Aton takeover offer values M&R at R6.7bn
SA company urges shareholders to reject bid Investor says it has no intention to delist group
Aton has confirmed a cash bid for all of Murray & Roberts, but the JSE-listed engineering group is still urging its shareholders to reject the R15 a share offer from the German family investment company, saying it materially undervalues the firm.
Aton said the offer, which values Murray & Roberts at R6.7bn, was a further investment by an “experienced multinational corporation” that underscored confidence in the South African market.
It already holds about 40% of Murray & Roberts shares.
Aton said it had been given the blessing of Murray & Roberts to directly approach the group’s shareholders and this was not a hostile takeover.
But Murray & Roberts has dismissed this interpretation, claiming it is “opportunistic”.
Privately held Aton also said it had no intention to dismantle Murray & Roberts and was not seeking to delist the company. Rather, it supported SA’s and the group’s black economic empowerment undertakings and sought to provide Murray & Roberts with a stable global operating platform. To this end, Aton reiterated its commitment to the long-term strategic sustainability of Murray & Roberts.
“Our intention, of course, is to get a controlling stake in Murray & Roberts,” Aton CEO Thomas Eichelmann said on Tuesday.
“The fact that we have been able to secure agreements with two top 10 shareholders … underpins our contention that our offer represents a significant value ... opportunity for shareholders,” he said. “At the same time, we believe Aton’s proposition and proven track record in the mining industry will be beneficial not only to the shareholders of Murray & Roberts but to other stakeholders. Our interest in Murray & Roberts is of a long-term nature.”

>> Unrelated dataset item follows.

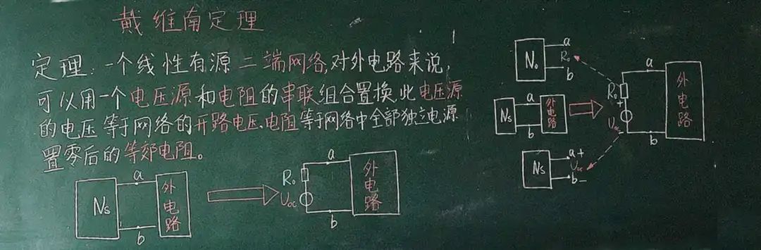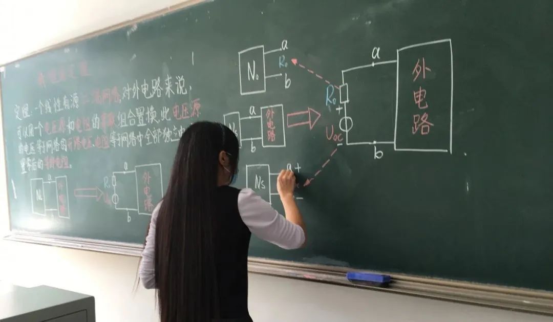 上海版专的栾世杰老师在讲授《电工电子技术》课程时坚持运用精美的板书,以突出知识点、绘图的方式引导学生了解戴维南定理的概念,掌握内容以及应用方式,学会分析电路,并能熟练的将戴维南定理运用到解决实际问题中。

Aton first bought about 4.5% of the company in late 2015, then added another 25.4% stake in early 2017, before reaching a 33.1% shareholding last week. This came after Old Mutual Investment Group appeared to
have sold a small stake, as indicated in the share register on the Murray & Roberts website.
Old Mutual portfolio manager Brian Pyle said on Monday the investment manager had made up its mind to not provide an “irrevocable” undertaking to Aton to accept the R15 a share offer. “[We] think R15 is too low.”
Now, along with a promised 6.5% of Allan Gray’s 10.9% shareholding, Aton effectively holds a 39.6% stake in Murray & Roberts. This translates to about 39.8% of the voting rights.
The R15 a share cash offer is 56.4% above the Murray & Roberts closing price on March 22 2018 and 42.4% above the 30-day volume weighted average price of the group on that date. The independent board of Murray & Roberts said last week a fair value price for control of the group was between R20 and R22 per ordinary share.
In recent years, Murray & Roberts has turned its engineering prowess towards global underground mining, oil and gas, and power and water markets. To this end it sold 100% of its civil construction and building business in SA to black economic empowerment interests.
SBG Securities had earlier valued Murray & Roberts at R19.80 a share, saying that a control premium would push this to between R24 and R26 a share. This contrasted with Renaissance Capital which valued Murray & Roberts ordinary shares at about R11.40 and found the offer “attractive”. The latter said Aton had bought its 25.4% stake in Murray & Roberts in 2017 for R15 a share.
Aton’s offer follows previous engagements between Aton and the Murray & Roberts board regarding a possible transaction between Aton’s Canadian subsidiary, Redpath Mining, and Murray & Roberts’s Cementation business. Both are world leaders in underground mining.
Aton said the parties had discussed numerous transaction structures, including combining these businesses. But Murray & Roberts CEO Henry Laas has said that this was the only overlap between the two groups and would be complicated by competition issues. He also said it was not clear how Aton would manage the dilution of Murray & Roberts’ empowerment ownership credentials and the possible effect on contracts and jobs.
Eichelmann said following consultation with competition law counsel “we are optimistic [that we will] obtain required merger control approvals in due course”. He said Aton’s offer was to the benefit of Murray & Roberts shareholders, the group, staff and the broader economy in terms of new markets and skills and technology transfers.